A locality rule for short-wavelength quantum states keeps the inflationary “separate universe” picture safe
This paper asks when the effective description of very long-wavelength fluctuations during cosmic inflation remains valid after we average over shorter-wavelength behavior. The authors propose a simple physical criterion: the quantum state of the short-wavelength or “hard” degrees of freedom inside each local patch should depend on the long-wavelength or “soft” fields only through the soft-field values inside the same patch. When this locality condition holds, the coarse-grained dynamics of the soft modes stays local and familiar approximation schemes remain trustworthy.
The work is framed in the language used for early-universe calculations: the gradient expansion and the separate-universe approach. These methods treat regions much larger than the causal scale (the Hubble scale) as nearly independent “local universes.” The authors define coarse-grained soft fields by averaging over fixed comoving patches of size L and define the hard modes as the leftover short-scale pieces. They then formulate a precise locality condition on the hard-mode quantum state (referred to in the paper as Eq. (28)): in each patch the hard-mode state must depend on the soft fields only through the coarse-grained values in that patch.

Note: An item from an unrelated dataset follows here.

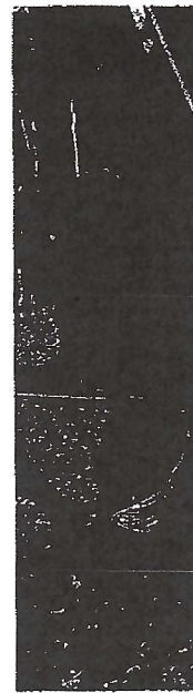
Plate 91 Dani tribe Timika, Indonesia.

Materialist theories have taken several forms. As the anthropological study of war first geared up in the 1960s, an influential school of thought argued that war, for all its destructiveness, somehow functioned to maintain a balance between local population numbers and environmental resources. In this ecological view, war led to relocations adjusting people to game or land availability, or to buffer zones where hunted animals replenished, or to reduced population growth, either through casualties or by valorizing male children and thus leading to selective female infanticide. With deeper examination, these adaptive functions were questioned. By the 1980s, cultural ecological approaches to war saw natural resource availability as important, but as only one set of variables, along with cultural, historical, and political factors. Some recent archaeological writings, however, suggest a return to a Malthusian perspective, with war portrayed as the regular result of growing populations pressing on

When the locality condition is satisfied, several useful results follow. Coarse-graining does not introduce non-local terms that would break the separate-universe picture. Loop corrections from hard modes to superhorizon correlations of the adiabatic curvature perturbation ζ (the quantity that encodes the observable, large-scale curvature produced during inflation) are only perturbatively small. The condition therefore provides a model-independent way to diagnose when short-scale quantum effects might otherwise grow large enough to invalidate the gradient expansion.

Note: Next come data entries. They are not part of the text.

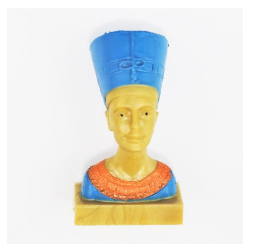
Queen Nefertiti A famous Egyptian queen thought to be more powerful than most. She may have even ruled over Egypt as pharaoh for a time.
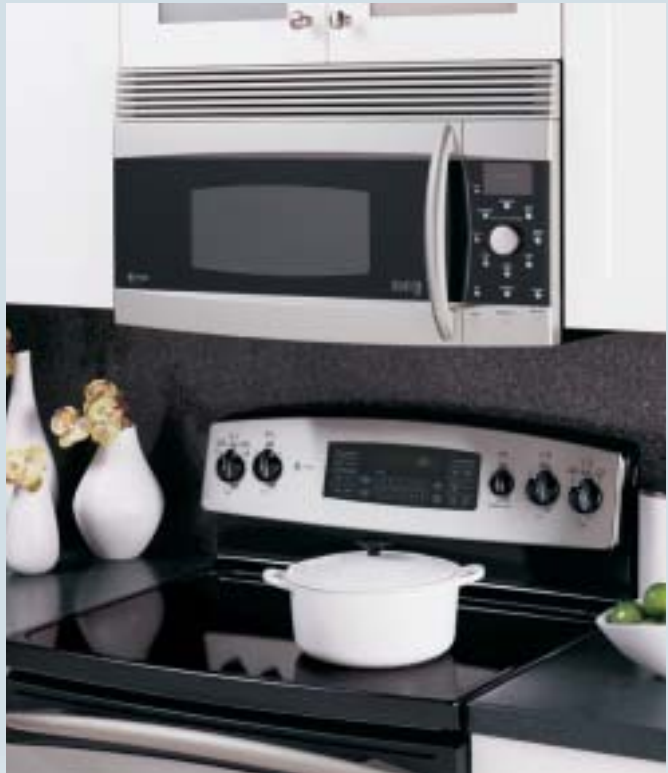
SCA1001SH shown with JBP968SHSS
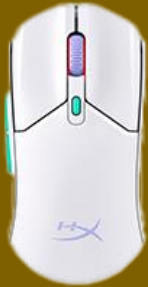
HyperX Pulsefire Haste 2 Mouse Worth Rs 9087/-*
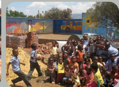
The project in December 2010
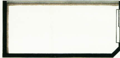
Optional 2nd floor viewing deck
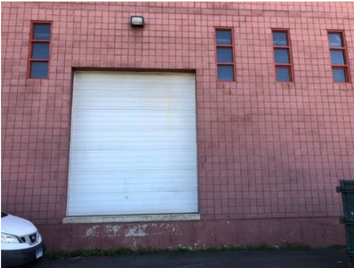
93 Triangle Street
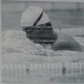
2. He's swimming.
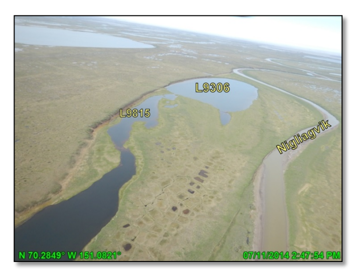
Photo B.2: Lake L9306 post breakup, looking northwest; July 11, 2014

The authors also show that the same locality requirement leads to a generalized soft theorem. A soft theorem relates a correlation function that includes very long-wavelength modes to a simpler correlation function without them. Under extra, stated assumptions this generalized theorem reduces to the standard consistency relations used in inflationary cosmology. This clarifies why those relations can fail in multi-field models or in non-attractor backgrounds (situations where the background evolution does not settle into the usual attractor trajectory).